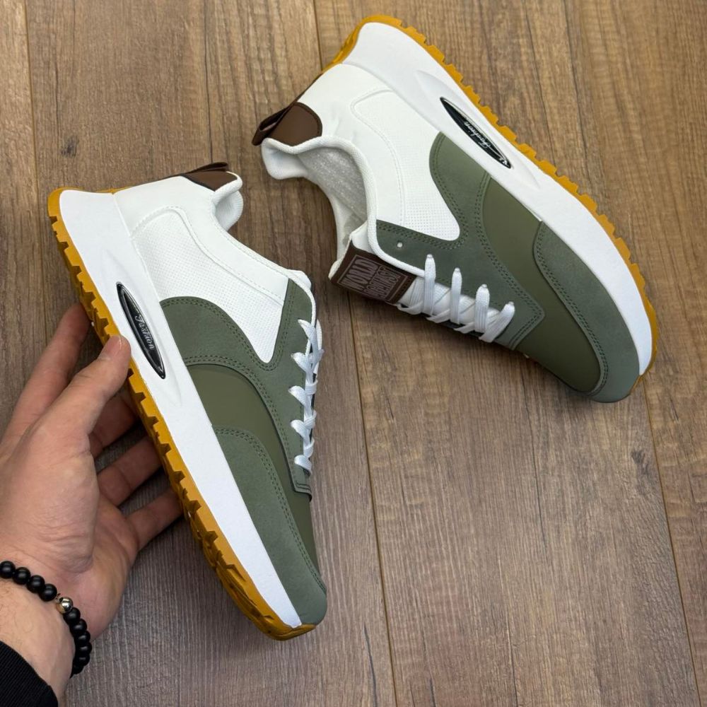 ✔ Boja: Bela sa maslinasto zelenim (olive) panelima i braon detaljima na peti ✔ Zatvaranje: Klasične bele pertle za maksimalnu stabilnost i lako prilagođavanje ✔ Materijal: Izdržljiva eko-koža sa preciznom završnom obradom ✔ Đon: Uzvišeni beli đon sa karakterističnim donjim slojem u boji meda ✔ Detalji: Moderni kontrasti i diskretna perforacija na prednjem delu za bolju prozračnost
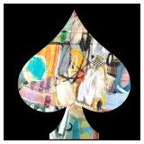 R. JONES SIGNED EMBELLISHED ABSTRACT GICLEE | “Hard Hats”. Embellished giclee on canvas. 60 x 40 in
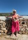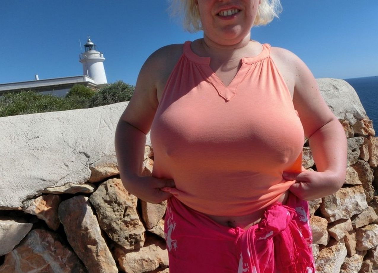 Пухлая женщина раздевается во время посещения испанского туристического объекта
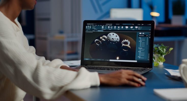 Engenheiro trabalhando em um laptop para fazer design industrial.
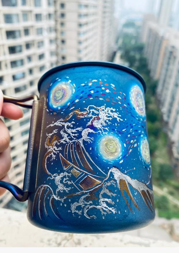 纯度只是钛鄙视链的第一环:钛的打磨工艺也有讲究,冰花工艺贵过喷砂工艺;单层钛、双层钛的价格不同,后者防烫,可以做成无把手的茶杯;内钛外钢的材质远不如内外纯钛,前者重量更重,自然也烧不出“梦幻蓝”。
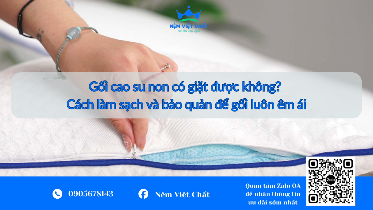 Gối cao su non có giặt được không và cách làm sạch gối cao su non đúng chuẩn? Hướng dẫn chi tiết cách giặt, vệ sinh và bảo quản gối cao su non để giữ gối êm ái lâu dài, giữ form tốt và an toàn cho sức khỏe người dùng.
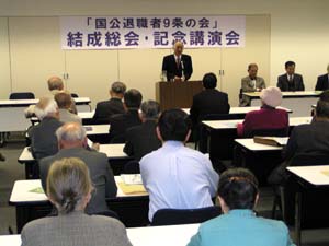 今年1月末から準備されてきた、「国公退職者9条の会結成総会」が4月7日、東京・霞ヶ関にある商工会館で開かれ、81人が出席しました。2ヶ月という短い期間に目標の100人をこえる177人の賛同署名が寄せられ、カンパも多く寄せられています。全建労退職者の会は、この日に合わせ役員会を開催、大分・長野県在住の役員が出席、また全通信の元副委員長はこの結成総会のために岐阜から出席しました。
● ● ● ● ●
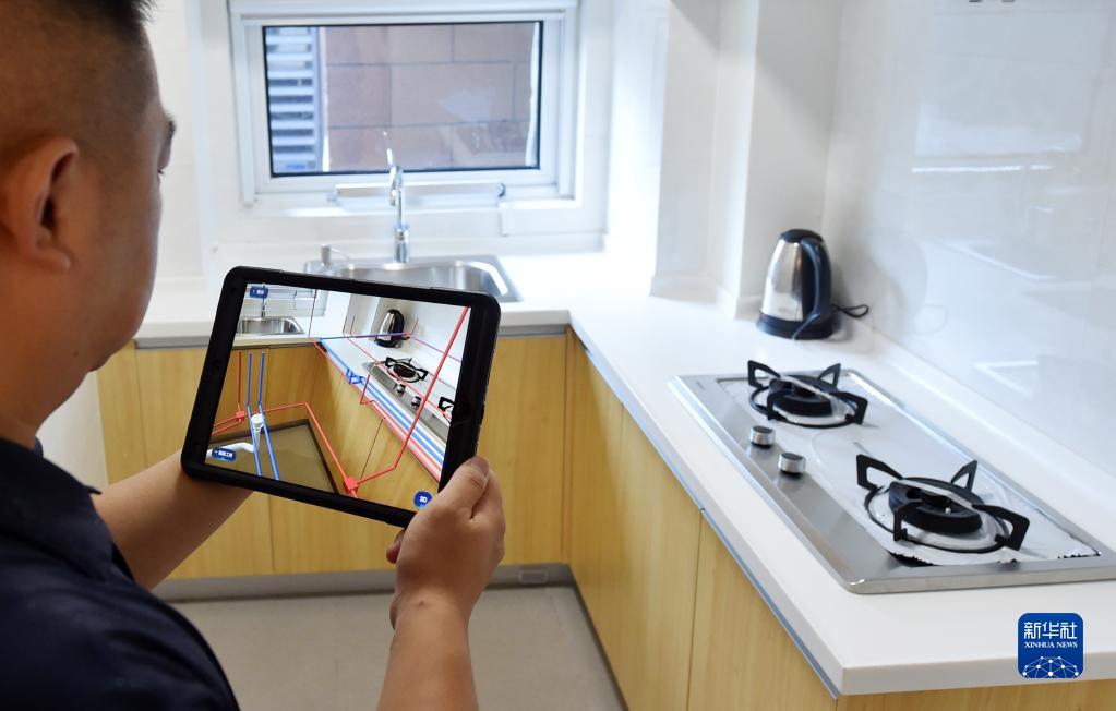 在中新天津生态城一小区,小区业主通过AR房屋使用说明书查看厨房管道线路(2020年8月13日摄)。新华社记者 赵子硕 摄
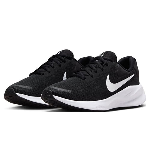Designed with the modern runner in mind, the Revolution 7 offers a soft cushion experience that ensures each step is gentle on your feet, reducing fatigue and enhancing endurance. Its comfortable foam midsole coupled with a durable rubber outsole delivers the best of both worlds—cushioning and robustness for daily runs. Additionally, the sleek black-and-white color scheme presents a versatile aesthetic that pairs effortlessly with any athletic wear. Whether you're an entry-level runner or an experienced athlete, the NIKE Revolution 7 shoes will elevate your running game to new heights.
● ● ● ● ●
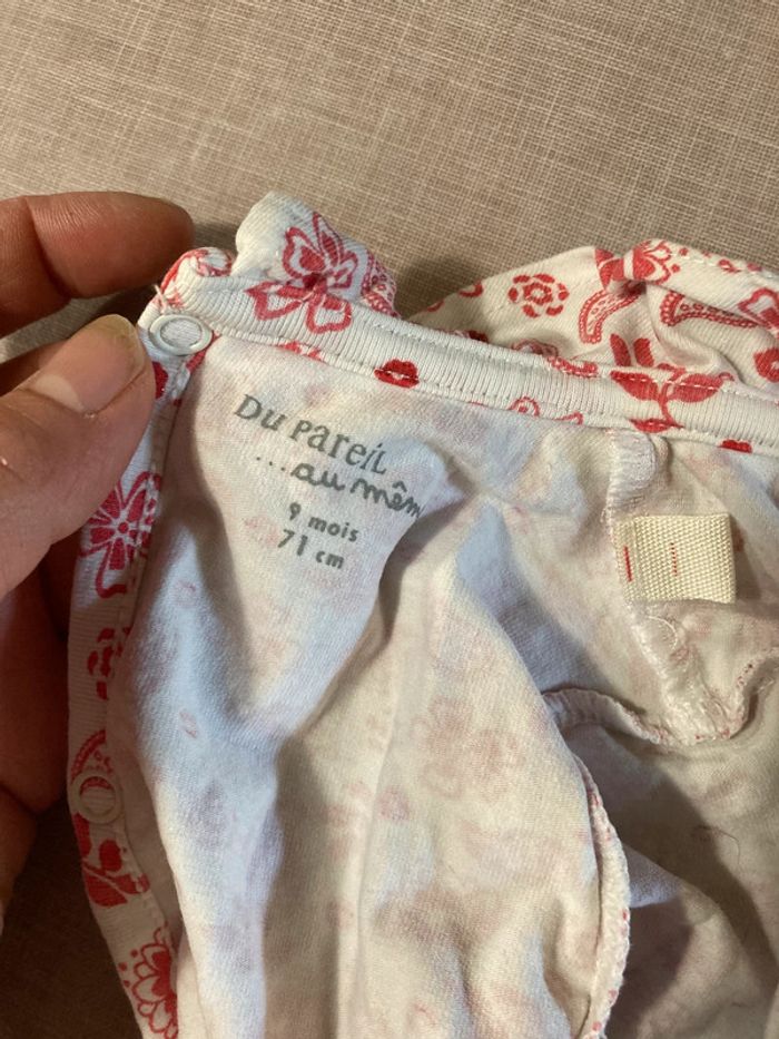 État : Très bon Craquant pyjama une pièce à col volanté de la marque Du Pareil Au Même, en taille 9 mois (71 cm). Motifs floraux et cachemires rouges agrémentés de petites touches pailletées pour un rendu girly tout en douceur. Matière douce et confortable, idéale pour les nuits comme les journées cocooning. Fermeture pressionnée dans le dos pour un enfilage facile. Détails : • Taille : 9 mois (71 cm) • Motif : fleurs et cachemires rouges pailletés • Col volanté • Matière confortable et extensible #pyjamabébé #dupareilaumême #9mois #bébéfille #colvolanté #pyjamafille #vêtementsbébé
● ● ● ● ●
PROBLEM REQUIREMENTS: Look above for the line with "za bolju prozračnost" and the line with "纯度只是钛鄙视链的第一环:钛", then copy them and all lines in between exactly as written, and only those, without any pictures.

ANSWER TO THIS PROBLEM:
 ✔ Boja: Bela sa maslinasto zelenim (olive) panelima i braon detaljima na peti ✔ Zatvaranje: Klasične bele pertle za maksimalnu stabilnost i lako prilagođavanje ✔ Materijal: Izdržljiva eko-koža sa preciznom završnom obradom ✔ Đon: Uzvišeni beli đon sa karakterističnim donjim slojem u boji meda ✔ Detalji: Moderni kontrasti i diskretna perforacija na prednjem delu za bolju prozračnost
 R. JONES SIGNED EMBELLISHED ABSTRACT GICLEE | “Hard Hats”. Embellished giclee on canvas. 60 x 40 in
 Пухлая женщина раздевается во время посещения испанского туристического объекта
 Engenheiro trabalhando em um laptop para fazer design industrial.
 纯度只是钛鄙视链的第一环:钛的打磨工艺也有讲究,冰花工艺贵过喷砂工艺;单层钛、双层钛的价格不同,后者防烫,可以做成无把手的茶杯;内钛外钢的材质远不如内外纯钛,前者重量更重,自然也烧不出“梦幻蓝”。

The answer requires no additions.